# Limit of Rainbow Today



## LDUBS (Sep 17, 2020)

Managed a limit of rainbow trout. Rods out at 7:15. Five in the bag a little after 9:00. Trolling in about 110' of water with lures at 33'. As per usual for this lake during warm weather, there were some copepods, but all good when fillet (filleted?). Fun day until I went back to the ramp and discovered one of my trailer cross members had some pretty significant damage. 
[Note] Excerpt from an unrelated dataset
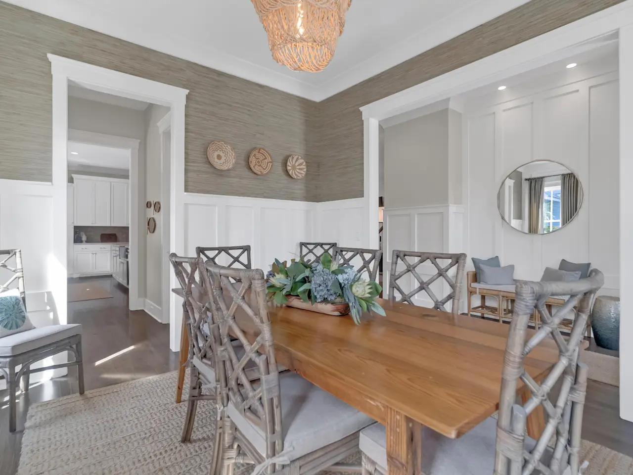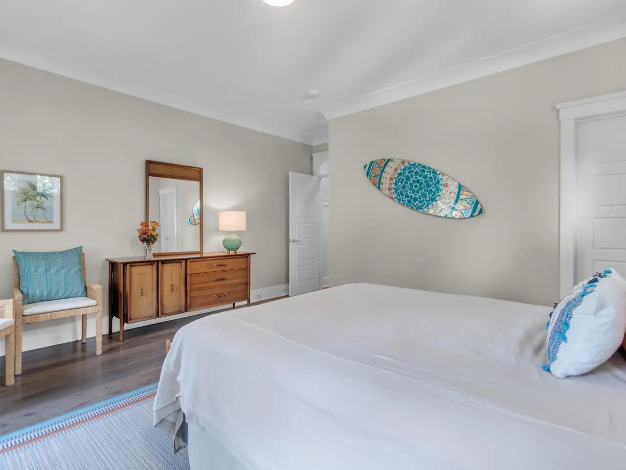 Coastal Luxury with Pool & Beach Access This 5-bedroom, 4.5-bath home combines refined design with thoughtful functionality, just steps from the sand. The open floor plan showcases rich hickory flooring, abundant natural light, and attention to detail throughout. At the heart of the home is the spacious kitchen with marble counters, abundant cabinetry, gas range, a butler's pantry with sink and beverage station that seamlessly flows into the family and dining areas. The first floor also features a private study/office, a separate dining room, and one of two expansive primary suites--ideal for multigenerational living. Upstairs, you'll find the second primary suite plus additional bedrooms for family and guests. The 2nd level also features an open area for gathering,a laundry room withplentiful storage and laundry sink. All of the guest bedrooms feature walk-in closets. One of these has a private bath the other two share a nicely done hall bath. The upstairs primary offers a handsome coffered ceiling, double walk-in closets and a well appointed bath. Then, just step outside where outdoor living takes center stage with a fabulous oasis featuring an in-ground pool, covered patio with a built-in grill, refrigerator, dining bar, tv, and an additional patio area with a true wood-burning fireplacperfect for entertaining year-round. The oversized detached garage includes finished space above, offering endless possibilities for an office, gym, playroom, or studio. All this, with convenient beach access (just through the back gate and less than a block away), makes this property the ultimate blend of elegance, comfort, and coastal convenience.

The lake is about 5 deg's cooler than it was last week. I always look forward to winter fishing on this lake.


----------



## Captain Ahab (Oct 31, 2020)

Nice job - I have been trolling for trout as well, so far cannot get dialed in 

In the spring it was constant fish on the troll, no monsters but a good way to find them then stop and cast


----------



## LDUBS (Nov 3, 2020)

This is a tough time of the year for me. As the water cools the fishing moves much shallower to another part of the lake. Right now I am kind of in limbo where to try. But, I'm going to give it the ol college try tomorrow! haha.


----------



## Kismet (Nov 3, 2020)

Nice.

I hate you both. 


_(edit: I have fantasy dreams of having caught enough Rainbow Trout to eat for more than one meal. My crik is parsimonious when it comes to trout, and even when it does provide they are 9-12 inches. There is nothing more tasty for me.)_


----------